48. Spencer thinks he is part ninja…he runs jumps, flips, flops, kicks, bounces…then repeats it again and again and again and again and again…

47. This momma still hasn’t cleared that level on Candy Crush…

46. Spencer was curious about how much yarn is in a skein. He tested this with momma’s crochet supplies. In case you are wondering, a skein roughly has 364 yards of yarn. It wraps around your furniture nicely several times over…

45. Spencer shares all of his food with our chocolate lab, Hershey. No, it’s not when he is done eating his share. It’s while he is eating. One bite for Spencer, one bite for Hershey, one bite for Spencer, one bite for Hershey…

44. Whenever momma makes cookies and piles it high on a plate, Spencer likes to take a bite of a cookie and put it back on the plate…he does this with several cookies…

43. Spencer thinks he can scale the TV stand like it’s Mt. Everest or something…

42. Remember when they pulled out 3 popcorn kernels from his nose? Well, a few months later we were sharing a bowl of popcorn. Certainly the kiddo learned his lesson and wouldn’t stick another kernel up his nose again, right? So Spencer starts sniffling again, unfreakingbelievable! I rushed him to the ER however this time there wasn’t anything shoved up his nostril. Now this momma looked all crazy and paranoid. The ER staff was looking at me sideways…I just know they were judging me…
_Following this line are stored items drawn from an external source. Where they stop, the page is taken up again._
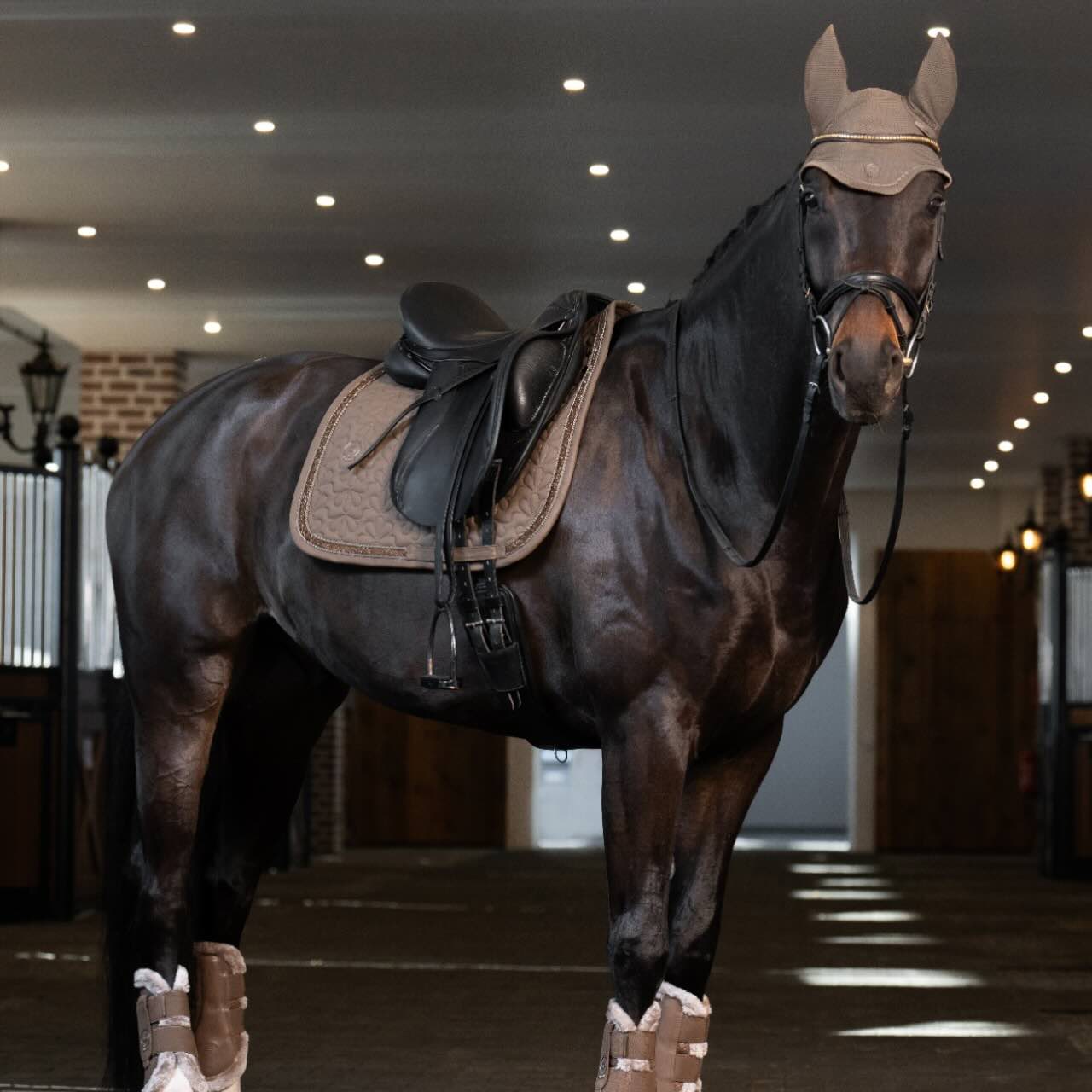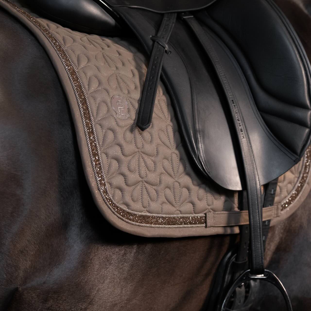 Die Eskadron Dressurschabracke Sparkle Jewel Platinum 2025 kombiniert glanzvolle Optik mit praktischen Features für den täglichen Reiteinsatz. Ihr funkelndes Design, gepaart mit einer durchdachten Schnittführung, macht sie zur stilvollen Wahl für ambitionierte Dressurreiterinnen und -reiter.
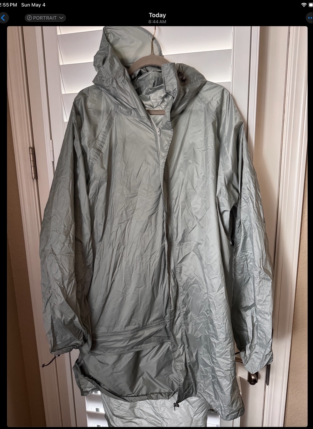 I bought this poncho new to use on my AT thru hike attempt. I tried it for one rainy day in the neighborhood, and though it worked very well, I chose to go a different direction. It is in new condition without the tags. It’s the 15d version of the poncho. It is a size medium, and it weighs 11 ounces. I am currently home recovering from an injury sustained on the AT, though I will be heading back to the trail on May 13 and will have to close this listing at thy time since I will not be availble to complete the sale after that time.
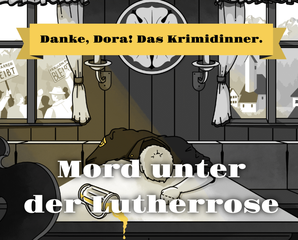 Das Krimidinner ist ein professionell gestaltetes Spiel für 8 Personen und eignet sich perfekt für Jugendgruppen, Presbyteriumsklausuren, Frauenkreise oder private Treffen. Es beschäftigt sich auf spielerische Weise mit der Geschichte der ersten ordinierten Pfarrerin Österreichs Dora Winkler-Herrmann und ihrer Geschichte.
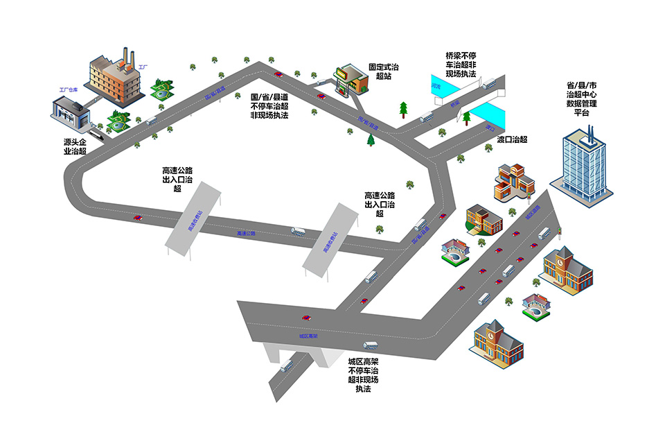 公路车辆AI治超及数字化管理平台系统通过部署在高速公路出入口、高速公路省界、重点国省道货运线路、跨江跨海大桥、城市高架桥、货源集散企业等多场景中,通过对货运车辆计量及AI分析,智能识别车辆超载违法行为,数据接入地市级、省级、部级等多级数字化管理平台中,最终实现货运车辆治超大数据统一管理、统一使用的目标。
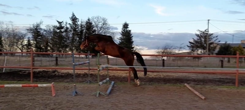 I am offering for sale a 9-year-old bay mare with strong sport potential and natural jumping ability. Height approx. 170 cm, well built, proportionate and dynamic in movement. Backed at the age of 6. She has been worked in the arena and in the field. At my place, she has been trained with focus on flatwork and pole work, improving balance, coordination and strength. She shows good understanding of the work and willingness to learn. Not overworked. She shows natural ability during free jumping – good technique and potential for further sport development or ambitious recreational riding. She is calm during transport, grooming and with the farrier. In the field she is confident, calm but alert – she observes new situations without panicking. Currently in light retraining / out of regular work. No history of injuries. Current veterinary examination (TÜV / vet check) possible at the buyer’s expense. Suitable for an ambitious rider who wants to further develop a horse in sport. The mare has had two foals. One can be seen on site. Price negotiable upon inspection. Horse is located in Poland.
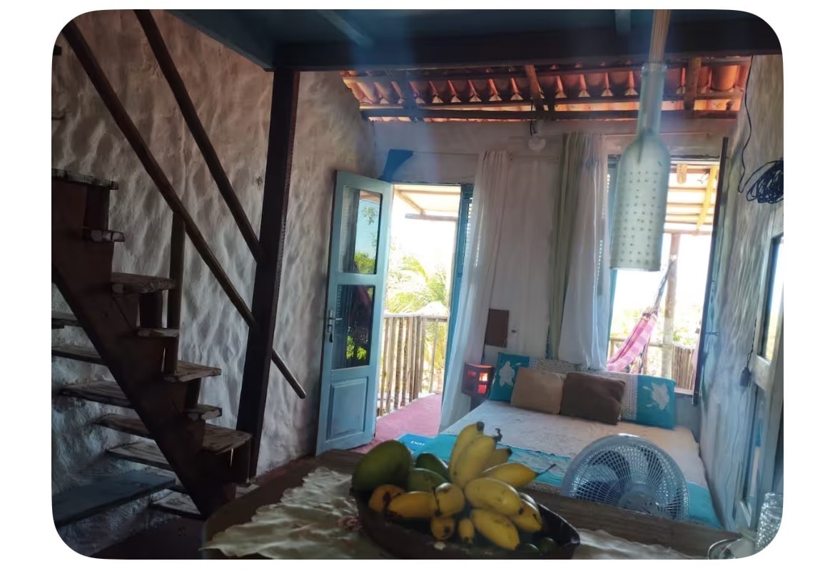 크고 넓은 스위트. 베란다에 그물. 환기가 잘 되고 특별한 장소입니다. 더블 침대 1개 + 싱글 침대 2개(이층 침대). 이 스위트는 별관에 있으며 다른 스위트 4개가 있습니다. 완비된 공용 주방/식기 보관실이 있습니다. 해변에서 100미터 이내 거리에 있습니다. 방에 들어가려면 계단을 올라가야 합니다. 이카푸이/세의 페로바 해변은 매우 독창적인 바닷가재 어부 마을입니다. 휴식을 취하고 자연을 즐기기에 이상적입니다. 열정적이고 천국 같은 곳. 계단으로 접근. 최고의 전망.
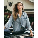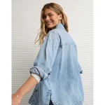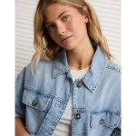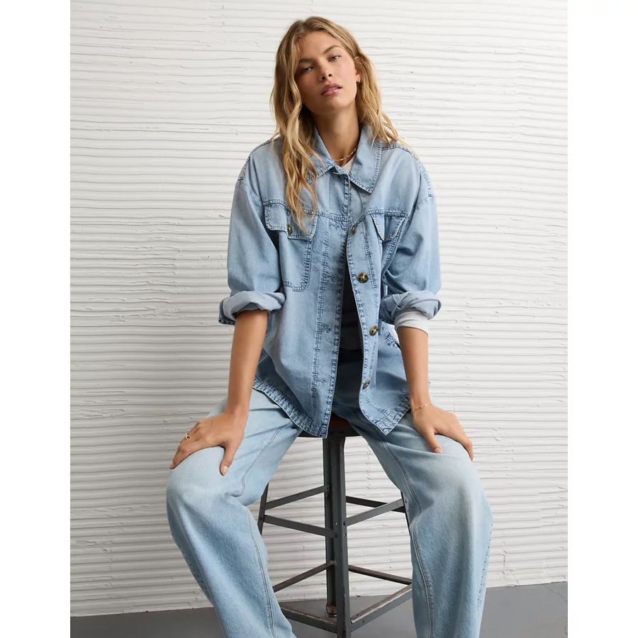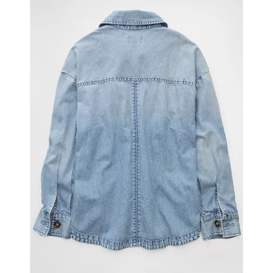 AE Studded Denim Shacket – Medium Wash
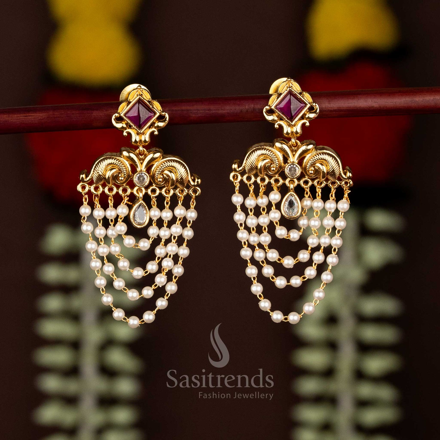 Temple Matte Gold Plated AD Stone Marquise-Cut Stud with Pearl Jhalar Drop Earrings – Premium Temple & Bridal Jewellery
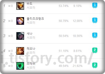 바드, 브리츠크랭크, 세나, 레오나, 쓰레쉬까지 정말 1티어에서 언제 내려올지 궁금할 정도로 꾸준히 상위권을 차지하고 있습니다. 물론 최근 룰루, 질리언, 카르마까지 유틸형 서포터가 이 5명의 자리를 위협하고 있기는 하지만 시즌 초부터 정말 꾸준히 픽되고 꾸준히 승률을 기록하고 있는 챔피언들 입니다. 그 중에서 바드, 블리츠크랭크는 정말 오랜시간 1티어에 머물고 있습니다.
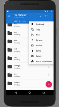 * File Manager – Manage your files like you do on your desktop or laptop using Multiple Select, Cut/Copy/Paste, Move, Create, Delete, Rename, Search, Share, Send, Hide, Create Shortcut, and Bookmark; operations can be performed on local files (on Android device) or remotely (on your computer)

41. Spencer loves cell phones; he knows how to download games and will wipe out all of your memory loading game after game after game on to your cell phone…

40. Remember when I told Spencer to not play with the ball in the house at Christmas time? He still plays with the ball in the house…not only does he spill his milk or juice at least 10 times a week, he spills momma’s drinks 10 times a week…at least 10 times a week…

39. Don’t yell at Spencer in public…he can drop huge crocodile tears in a blink of an eye with such a horrible whimper that all passersby are certain he is being mistreated by us mean, awful parents…

38. Spencer has to be touching you when he is sleeping, directly touching you…sometimes it’s his foot shoved up your neck but he is at least still touching you…

37. Spencer pulled his pants down to his knees at one of his bubby’s baseball games. Thankfully he left his underwear up but he was happily walking around showing off his striped underoos while he laughed hysterically…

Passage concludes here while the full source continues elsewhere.